После первых крепких объятий и слез он рассказал о своих приключениях. Когда корабль Томаса крейсировал в поисках китов вдоль побережья Южной Америки, его захватило испанское военное судно, обвинив в нарушении границ нейтральных вод. Невзирая на протесты Томаса, их отбуксировали в порт Вальпараисо в Чили, а корабль конфисковали. Через несколько дней стало ясно, что получить его назад не удастся, разве что через длительное судебное дело. С большой неохотой Томас Коффин распустил команду, дабы они, если получится, могли устроиться на другие корабли, а сам решил остаться и побороться за себя. Его приняла гостеприимная испанская семья, научив испанскому языку так быстро и хорошо, что он смог выступить своим собственным адвокатом. По некоторым пунктам он добился победы. Но казалось, что дело будет тянуться целую вечность. Наконец, Томас решил сдаться и тронулся в путь, самостоятельно перейдя через Анды. Для мужчины на пороге пятидесятилетия это было серьезным испытанием. Добравшись до Бразилии, в одном портовом городе он нашел корабль, готовый взять его на борт и доставить в Соединенные Штаты. Снова и снова он пытался отправить весточку домой, но ни одна из них не дошла до Нантакета. Наконец, он вернулся домой.

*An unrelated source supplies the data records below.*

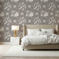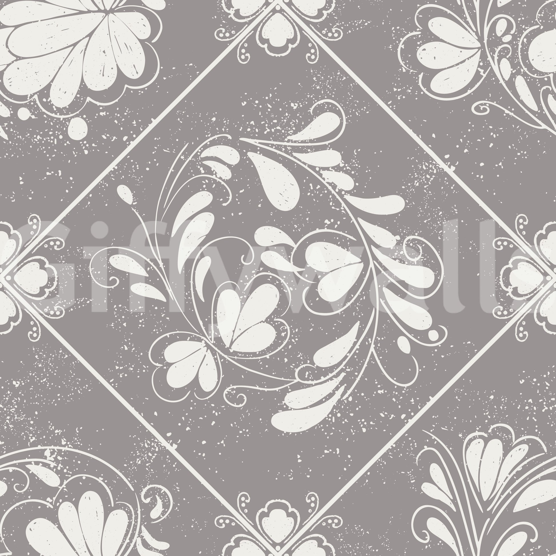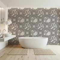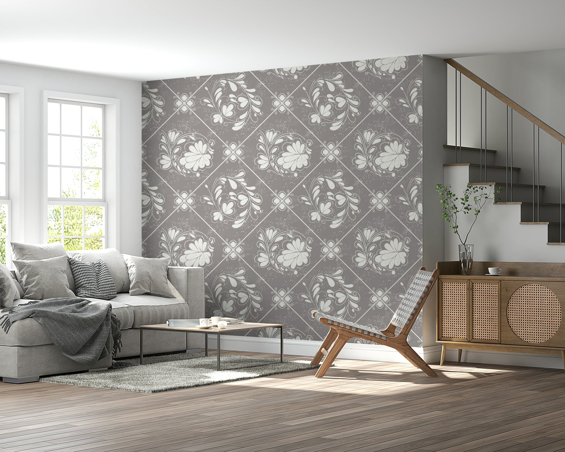 Introduce classic charm with this floral tile-inspired wallpaper for walls. A repeating pattern showcases stylized white flowers and foliage on a textured gray background. This design offers a subtle, vintage-inspired aesthetic that complements various interior styles. Its neutral color palette works beautifully in living rooms, bedrooms, and hallways, bringing a touch of understated elegance. The distressed texture adds depth and visual interest, creating a comfortable, inviting atmosphere. With its sophisticated floral motif, this wallpaper blends seamlessly into both modern and traditional spaces, enhancing your home's overall appeal.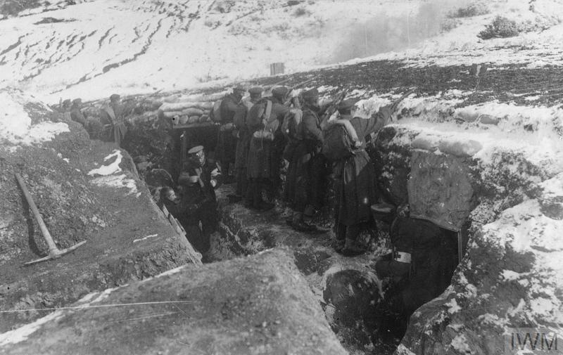 Bulgarian infantry in a front line trench in Macedonia, February 1917. Note a medical orderly helping a wounded soldier on the left.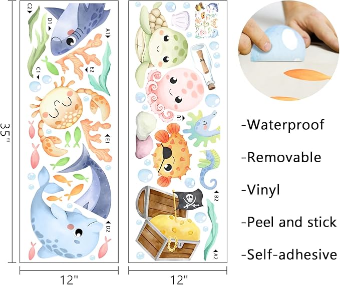 - Nursery Decorations: Our neutral wall decals are designed with various vivid patterns like marine creatures, shark, dolphin, octopus, crab, turtle, sea horse, fish, treasure, coral. These lovely wall decals and stickers are suitable for nursery, preschool, daycare, playroom, classroom, kids bedroom, living room, kindergarten and school. Perfectly DIY a magic space for baby, infant, toddlers, kids, children, teens, teenagers, girls and boys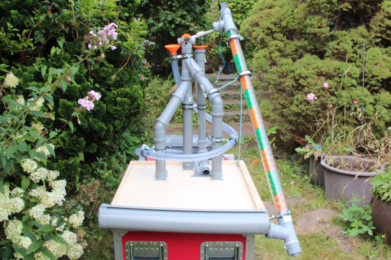 Man kann das Ganze auch sehr viel einfacher und ohne Technik gestalten. Eine Holzstange auf einem Brett, einen Gartenschlauch drum rumgewickelt und einen Eimer am Ende der Holzplatte. Fertig. Der „aufwendige“ Transport der Murmeln von unten nach oben wird dann von fleißigen Kinderhänden übernommen. Das ist sehr viel einfacher und macht genau so viel Spaß. Also… ran an die Murmeln…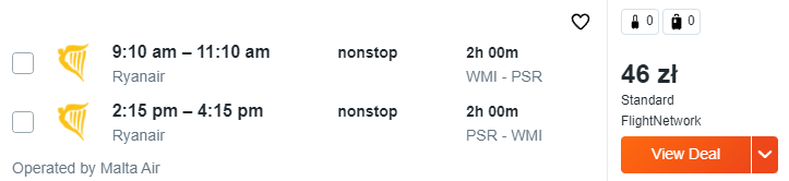 Wyloty z: Krakowa, Warszawy (Modlin), Poznania oraz Katowic

Его стойкость перед лицом испытаний вдохновила всех детей Коффинов. Они гордились своим отважным отцом и никогда не уставали слушать рассказы о приключениях в Южной Америке. Он научил их говорить «доброе утро» и «добрый вечер» по-испански и внушил им уважение к католической религии, поскольку католическая семья была добра и щедра к нему. Для детей, изолированных на своем маленьком острове, это соприкосновение с внешним миром расширило кругозор.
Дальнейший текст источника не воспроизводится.